8. Successors and Assigns. Except as otherwise expressly provided
herein, the provisions hereof shall inure to the benefit of, and be binding
upon, the successors, assigns, heirs, executors and administrators of the
parties hereto.
9. Entire Agreement; Amendments. This Agreement (including the
Exhibit hereto) constitutes the full and entire understanding and agreement
between the parties with regard to the subject matter hereof. Neither this
Agreement nor any term hereof may be amended, waived, discharged or terminated,
except by a written instrument signed by all parties hereto.

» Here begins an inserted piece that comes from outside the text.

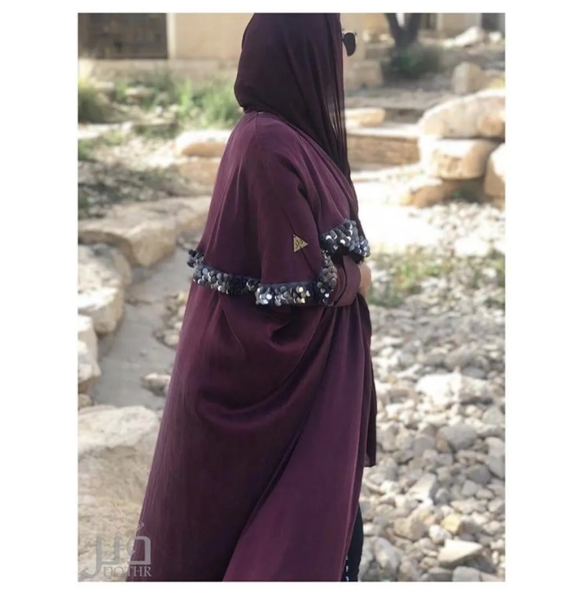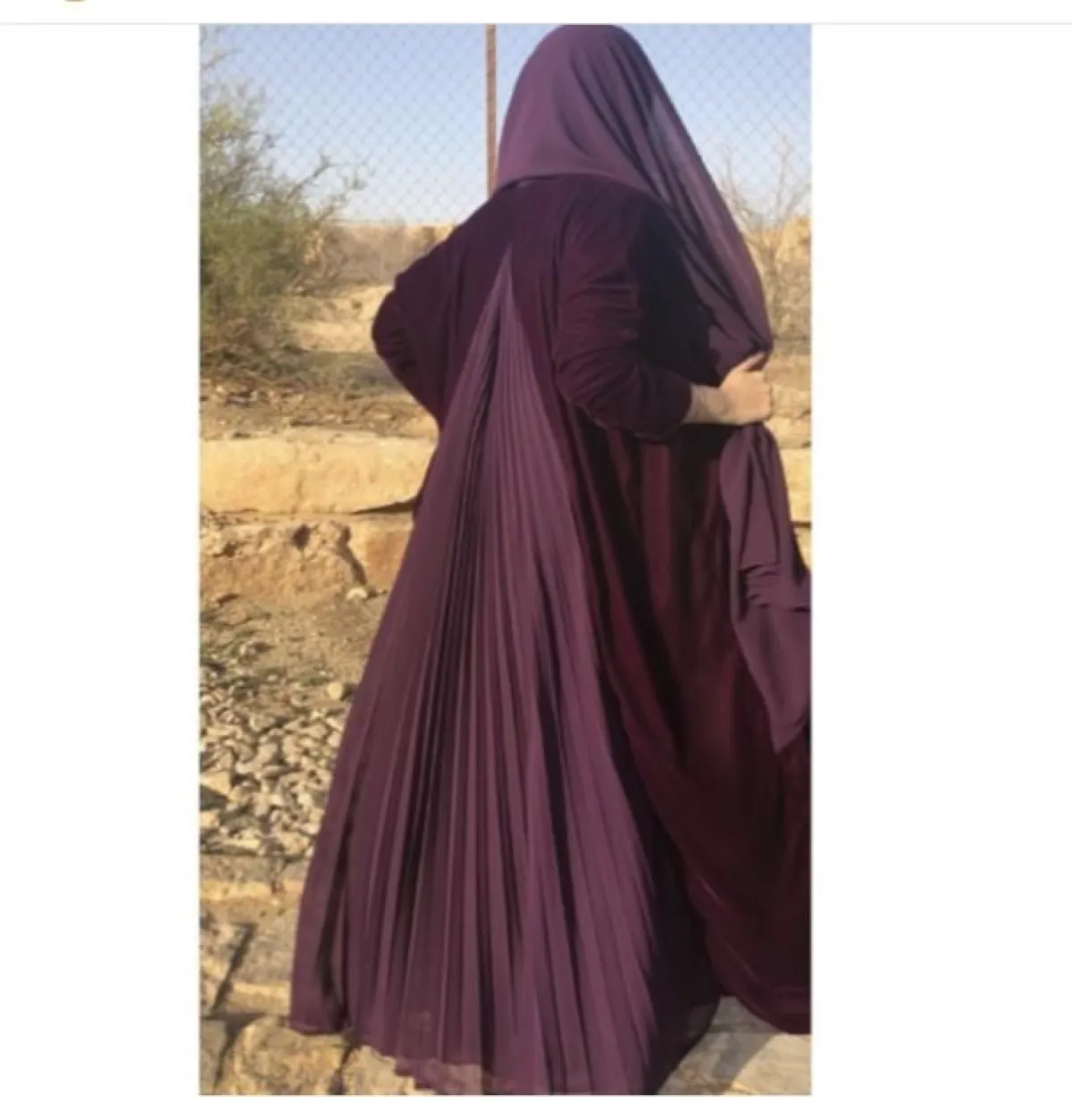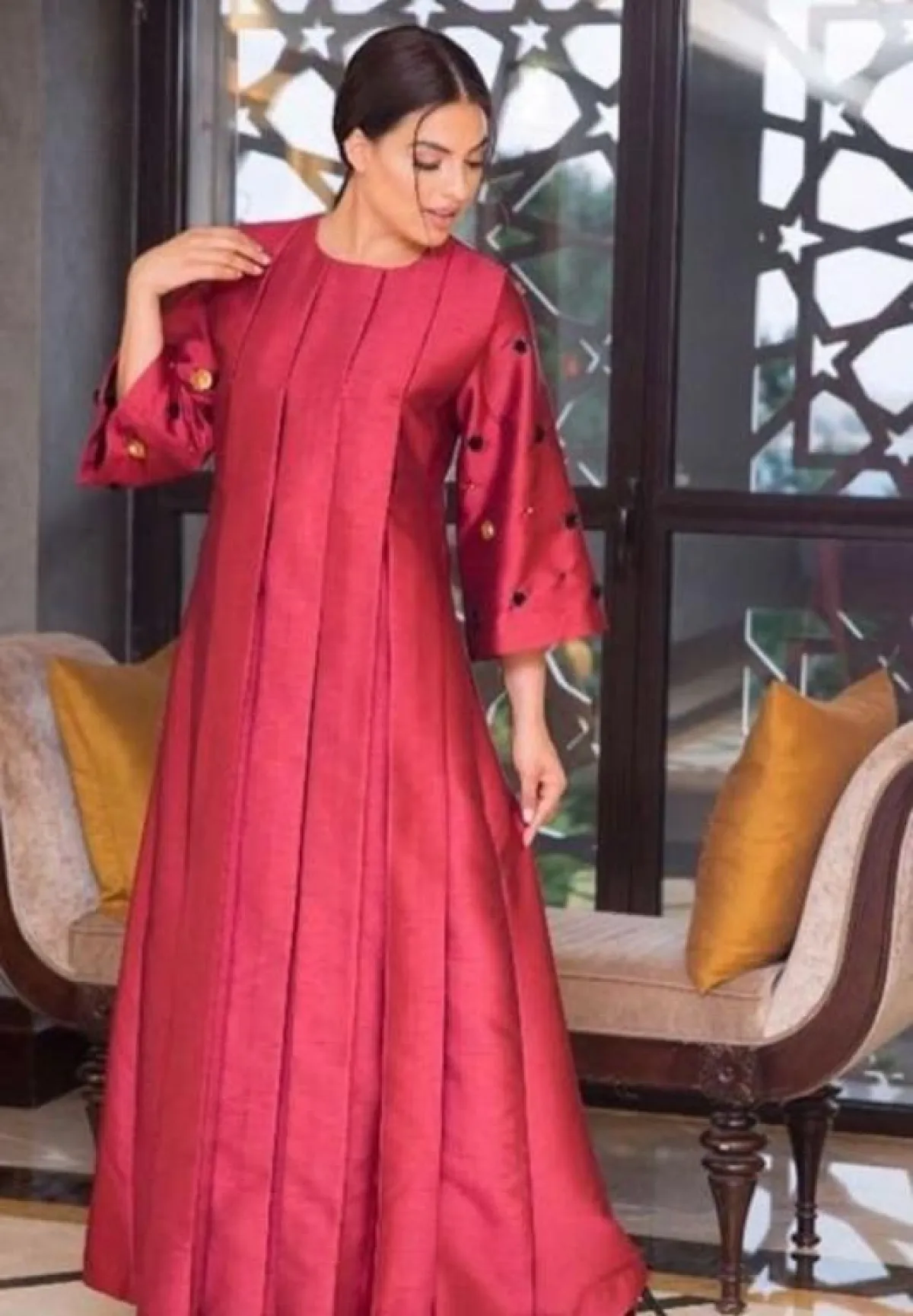 أما هذا التصميم من Khamila Sa للعبايه الفيلفت باللون الأحمر العنبي، بفتحة من كسرات البليسيه بتفاصيل الظهر آخر موضة، يمكنكِ اعتمادها هذا الموسم، لاطلالة عصرية، ونسقي معها حجابًا من اللون نفسه، وحذاءً أسود أو فضيًّا لسهراتِك.
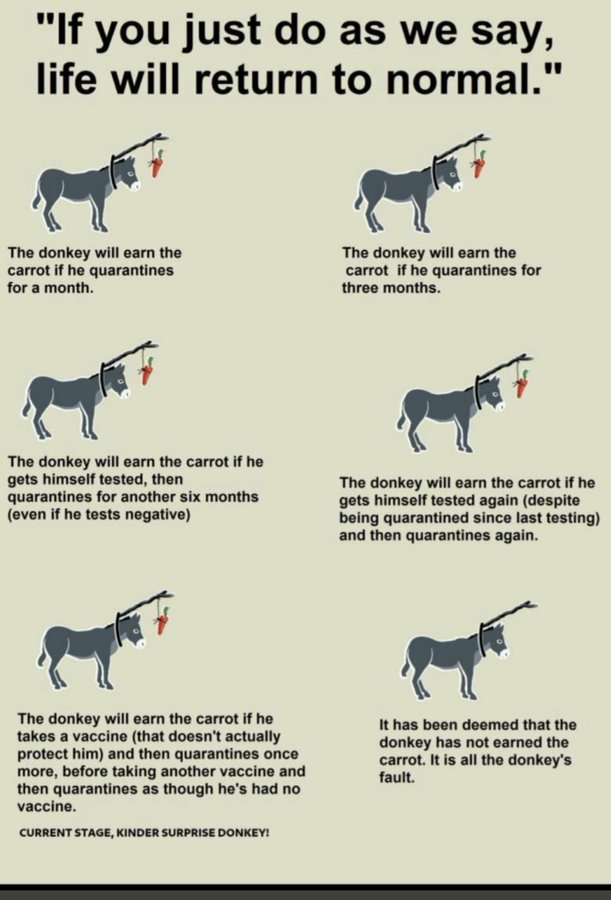 I spent some time pointing out some home truths to some relatives today – all who completely espouse the masks, testing, vaccines – and scored some hits – I could literally see them realising they might have been had. For the first time someone was running the massive fraud past them and the penny might have begun to drop. One relly was a bit discombobulated when I pointed out that the next state medical intervention might be to force them to “donate” a kidney – if you start with a jab where does it stop?

10. Notices. All notices and other communications required or
permitted hereunder shall be in writing and shall be deemed given and effective
on the earliest of (i) the date of transmission, if such notice or communication
is delivered via facsimile at the facsimile telephone number specified in this
paragraph prior to 8:00 p.m. (New York City time) on a business day, (ii) the
business day after the date of transmission, if such notice or communication is
delivered via facsimile at the facsimile telephone number specified in this
Agreement later than 8:00 p.m. (New York City time) on any date and earlier than
11:59 p.m. (New York City time) on such date, (iii) the business day following
the date of mailing, if sent by nationally recognized overnight courier service,
or (iv) upon actual receipt by the party to whom such notice is required to be
given. The address for such notices and communications shall be as follows:
If to the Company: Fidelity Holdings, Inc.
00-00 Xxx Xxxxxxx Xxxx, Xxxxx 0000
Xxx Xxxxxxx, Xxx Xxxx 00000
Facsimile No.: (000) 000-0000
Attn: Xxxxx Xxxxxxx, Chairman
With copies to: Xxxxxxx Xxxxxx Xxxx & Ball P.C.
000 Xxxxx Xxxxxx
Xxx Xxxx, Xxx Xxxx 00000-0000
Attn: Xxxxxxxx X. Xxxxxxx, Esq.
Facsimile No.: (000) 000-0000
If to an Investor: To the address set forth under
such Investor's name on the signature pages hereto.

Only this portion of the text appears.